I had an online technician install GoogleChrome today, accessing my machine from Kentucky, over 2000 miles away.

He said that my old browser AOL, was beginning to fade from the scene, and he suggested GoogleChrome, which he installed remotely.

I now have the Videos on YouTube working again, and my machine is snappier, with no more stumbling when scrolling, and none of my functions or data is lost!

That's all....

HDH


----------



## RadishRose (Aug 8, 2017)

I remember AOL!


----------



## SeaBreeze (Aug 8, 2017)

Good move Hal, hope you like Chrome.


----------



## Steve LS (Aug 8, 2017)

Chrome is my go to browser for every site but here.
I have to use IE here.

Chrome doesn't display the tool bar for me with any message options that are available in a vBulliten forum.

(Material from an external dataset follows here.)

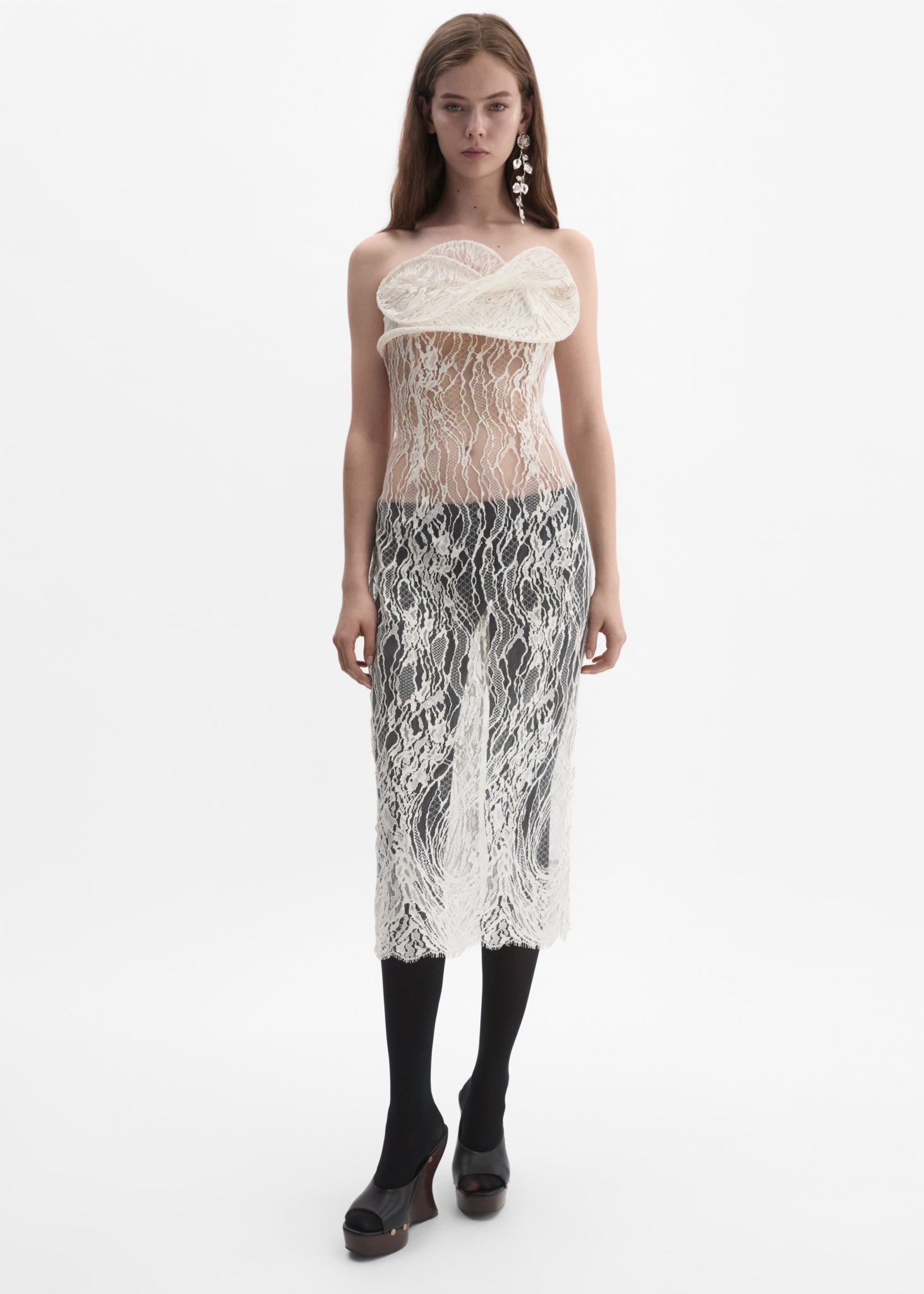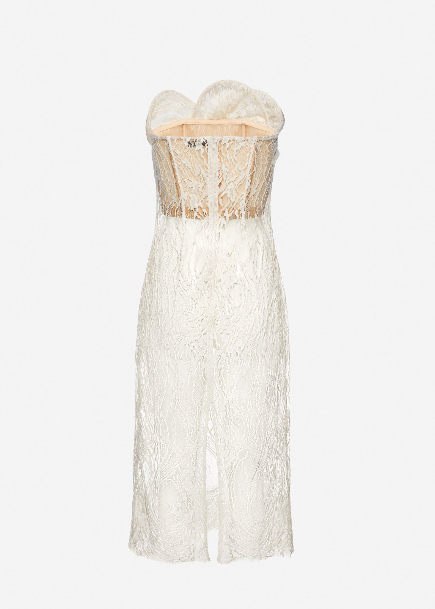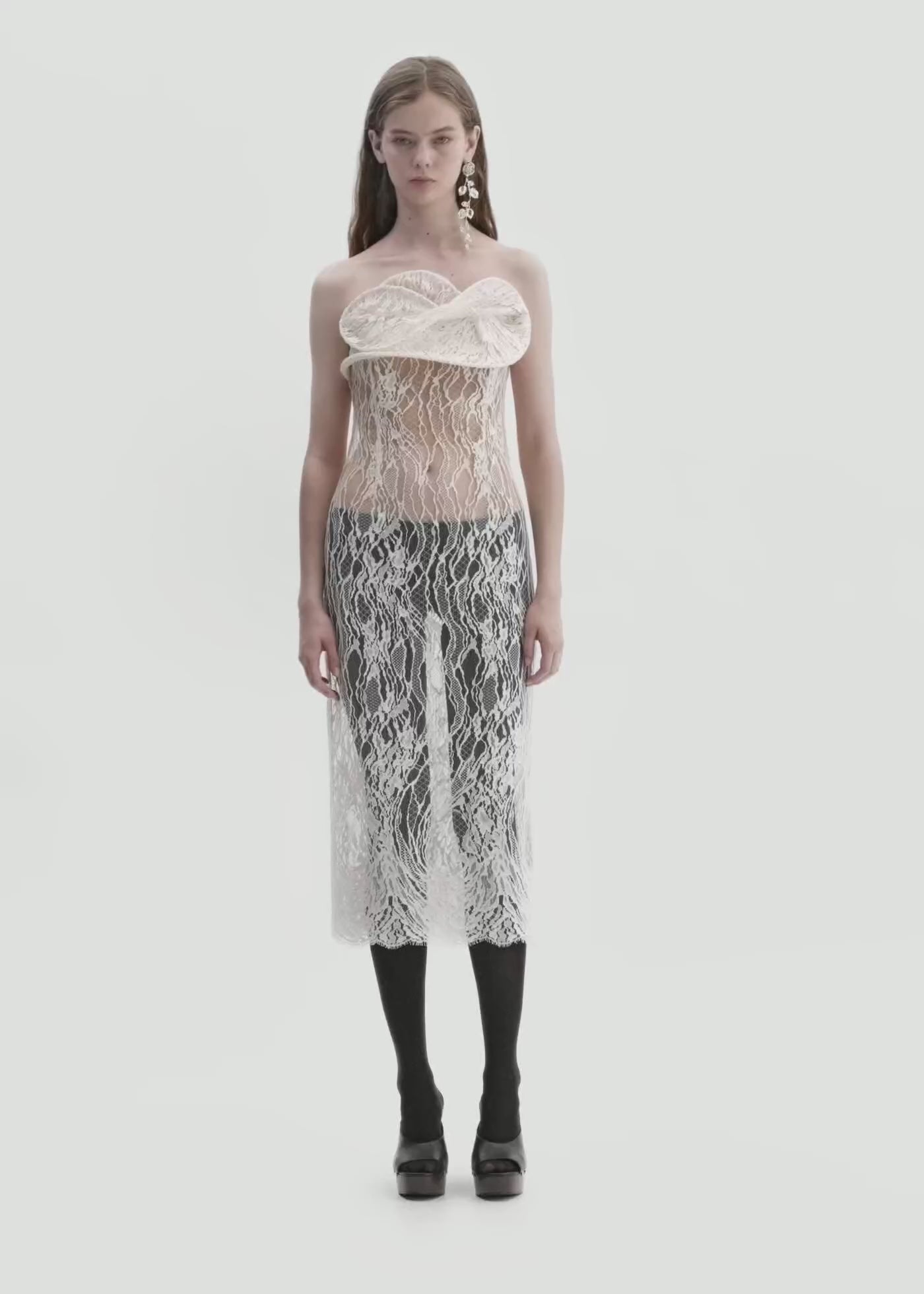 A delicate, semi-sheer lace dress falling below the knee, designed with a structured corset base in contrasting nude mesh. The front features a sculptural neckline adorned with a folded lace overlay shaped into a soft floral form. The inner corset offers support with hook-and-eye and bra closures, while the outer lace layer drapes effortlessly for a romantic finish. Secures at the center back with a concealed zipper and a subtle slit below.

Nothing, and this is the only VBulletin site where this is an issue


----------



## HiDesertHal (Aug 8, 2017)

RadishRose said:


> I remember AOL!



Golly, Radish...is AOL that ancient?

 HDH


----------



## NancyNGA (Aug 8, 2017)

HiDesertHal said:


> ....I now have the Videos on YouTube working again, and my machine is snappier, with no more stumbling when scrolling, and none of my functions or data is lost!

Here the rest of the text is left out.